Surface-active compounds classed as zwitterionic surfactants are those bearing at least one quaternary ammonium group and at least one —COO⁽⁻⁾ or —SO₃⁽⁻⁾ group in the molecule. Particularly suitable zwitterionic surfactants are the betaines such as N-alkyl-N,N-dimethylammonium glycinates, for example cocoalkyl dimethylammonium glycinate, N-acyl aminopropyl-N,N-dimethylammonium glycinates, for example cocoacylaminopropyl dimethylammonium glycinate, and 2-alkyl-3-carboxymethyl-3-hydroxyethyl imidazolines each having 8 to 18 C atoms in the alkyl or acyl group, and cocoacylaminoethyl hydroxyethyl carboxymethyl glycinate. A preferred zwitterionic surfactant is the fatty acid amide derivative known under the INCI name Cocamidopropyl Betaine.

Ampholytes are understood to be surface-active compounds which in addition to a C₈-C₂₄ alkyl or acyl group contain at least one free amino group and at least one —COOH or —SO₃H group in the molecule and are capable of forming internal salts. Examples of suitable ampholytes are N-alkyl glycines, N-alkyl propionic acids, N-alkyl aminobutyric acids, N-alkyl iminodipropionic acids, N-hydroxyethyl-N-alkyl amidopropyl glycines, N-alkyl taurines, N-alkyl sarcosines, 2-alkyl aminopropionic acids and alkyl aminoacetic acids, each having approximately 8 to 24 C atoms in the alkyl group.

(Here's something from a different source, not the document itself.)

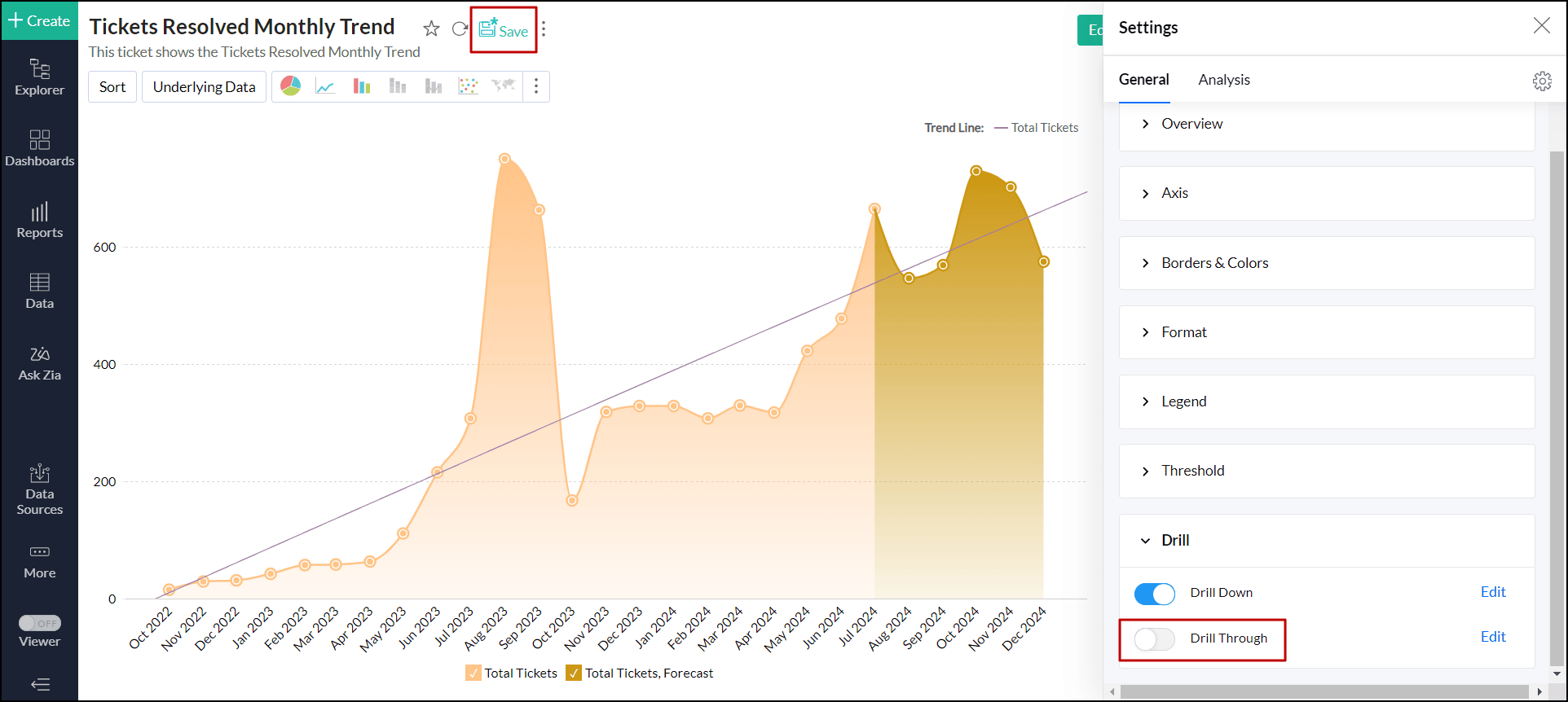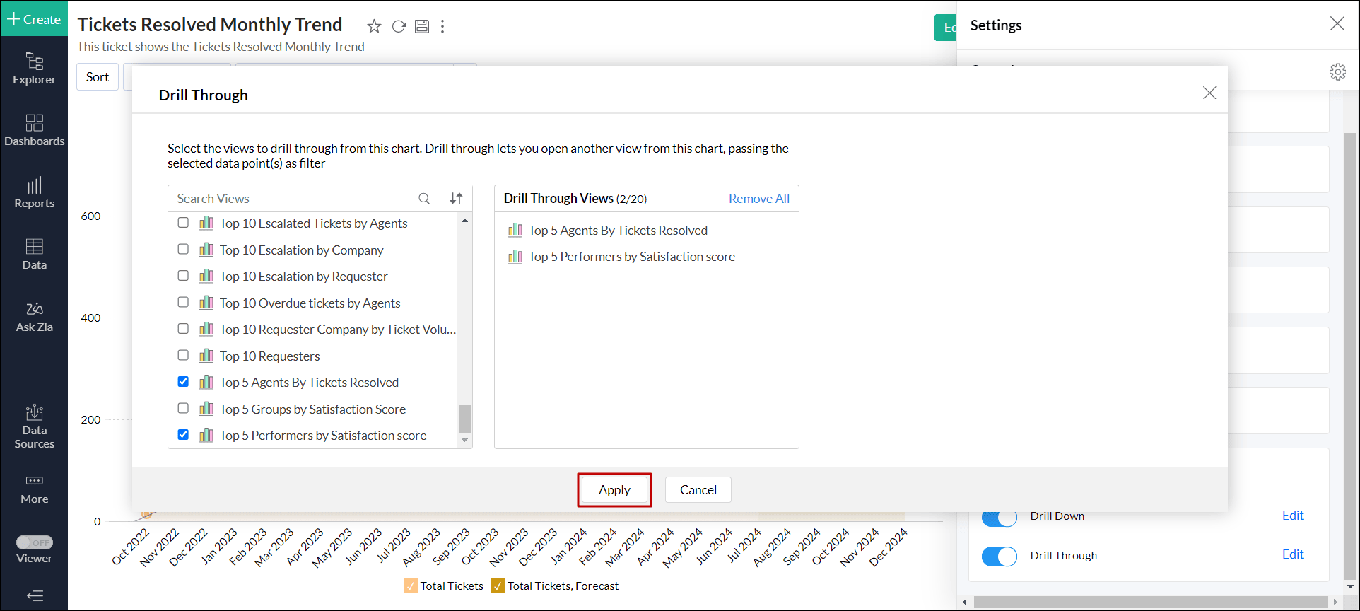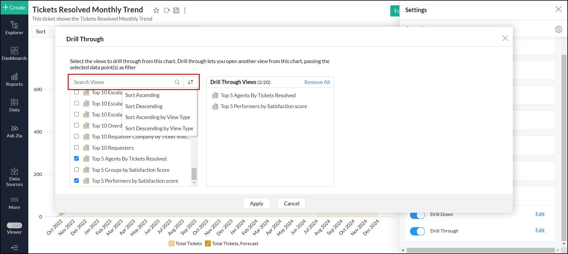 While sharing views, Analytics Plus allows report owners to enable the Drill Through option, granting other users the ability to drill through the related views.

Particularly preferred ampholytes are N-cocoalkyl aminopropionate, cocoacylaminoethyl aminopropionate and C₁₂-C₁₈ acyl sarcosine.

The agents can furthermore contain the auxiliary substances and additives that are conventionally added to customary styling agents.

Suitable auxiliary substances and additives include in particular additional care substances.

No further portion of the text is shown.